The usual warnings if it can't read or write.

EXPORTS ^

The module exports nothing to the calling namespace.

CAVEATS ^

The module does not fully support The DATR Standard Library RFC, Version 2.20. Specifically, it does not support the use of the proposed path cut operator as a full-stop within a path: all full stops are taken to signify the end of a clause.

TO DO ^

        * Support The DATR Standard Library RFC, Version 2.20
        * Change mechanism of _parseOpeningClosing to allow
          line-spanning of contents.
        * Support interpoloation of directives within body
          as specified by the style sheet
        * Fully support comment printing as specified by DATR XML DTD.
          Currently lumps all comments together.

GLOBAL VARIABLES ^

These variables can adjust the output of the DTR parser: when they are undefined (using DATR2XML::$var = undef) they prevent the DTR parser from outputing any element which has a default value, as defined in the DATR DTD; when they are defined with any value, they force XML output in full.

$printComments

Set with any value to print comments, undef not to.

$includeNodePath

The DTD provides the default path as a null path, but this can adjusted by setting $includeSentenceType to 1. This can be reset by calling undef upon the variable. See also include_sentence_type.

$includeSentenceType

The DATR DTD provides the default type as ==, and this can be left if this variable is set, which is its defualt state. See also include_sentence_type.

$location_xsl

The path to the required XSLT stylesheet. The default is http://www.leegoddard.com/DATR/XSLT/datr.xsl. See also the method and procedure set_stylesheet.

$location_dtd

The SYSTEM location of (that is, the path to) the DATR DTD. The default is http://www.leegoddard.com/DATR/DTD/DATR1.0.dtd. See also the method and procedure set_dtd.

$datr_root

This is literally the root element as printed, and may contain a references, such as to XML schema.

        Eg:
        $datr_root = '<DATR xmlns="x-schema:http://www.leegoddard.com/DATR/DTD/DATR1.0.xml">';

The defualt is simply the opening of the DATR element. See also set_schema.

PUBLIC METHODS ^

Constructor (new)

Creates a new DATR2XML object from file, URI or DATR .dtr source.

Accepts: DATR source as scalar, array, scalar/array pointer, or path to a DATR file. If source is scalar or pointer to a scalar, is assumed to be just a list of node definitions, of BODY slot.

                Optionally accepts a second argument to set logging: see the manual entry
                for the logging method for details.

Returns: reference to object.

Object Structure: a hash with the following fields:

        LOCATION - the name of the file, if any

        HEADER   - the file header (as defined in datrnode44.html#fileheader)

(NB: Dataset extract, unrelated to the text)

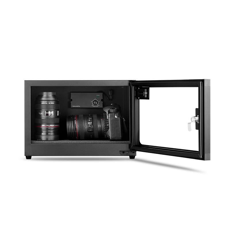 - Dry Box/Dry Cabinet: Wadah kedap udara dengan pengontrol kelembapan untuk menyimpan peralatan sensitif seperti kamera, lensa, atau elektronik lainnya.

        OPENING  - opening declarations/directives as defined in datrnode45.html#openingdeclarations

        BODY     - node defintions,itself an array of hashes of the format defined in _parseNodes

        CLOSING  - clsoing declarations/directives as defined in datrnode47.html#closingdeclarations

include_sentence_type

Sets or resets the type attribute of EQUATION elements.

Calling with an argument value of 1 includes the type attribute (default); calling with 0 forces the type attribute to be omitted.

print_comments

Call without a value to stop comment printing; call with a value to restart comment printing. Default is to print comments.

set_stylesheet

Sets the path to the required XSLT stylesheet. See also location_xsl in the section Global Variables.

set_dtd

Sets the location of the DTD as used in the DOCTYPE SYSTEM declaration. See also location_dtd in the section Global Variables.

set_schema

Sets the location of the XML Schema as used in the root element. If called with no arguemnt value, removes all references to an XML Schema, setting $datr_root to the opening of the DATR root tag without attributes.

Calling with a value of 1 sets the Schema to the author's, located at http://www.leegoddard.com/DATR/DTD/DATR1.0.xml. See also datr_root in the section Global Variables.

logging

Turns logging off or on, verbose or minimal.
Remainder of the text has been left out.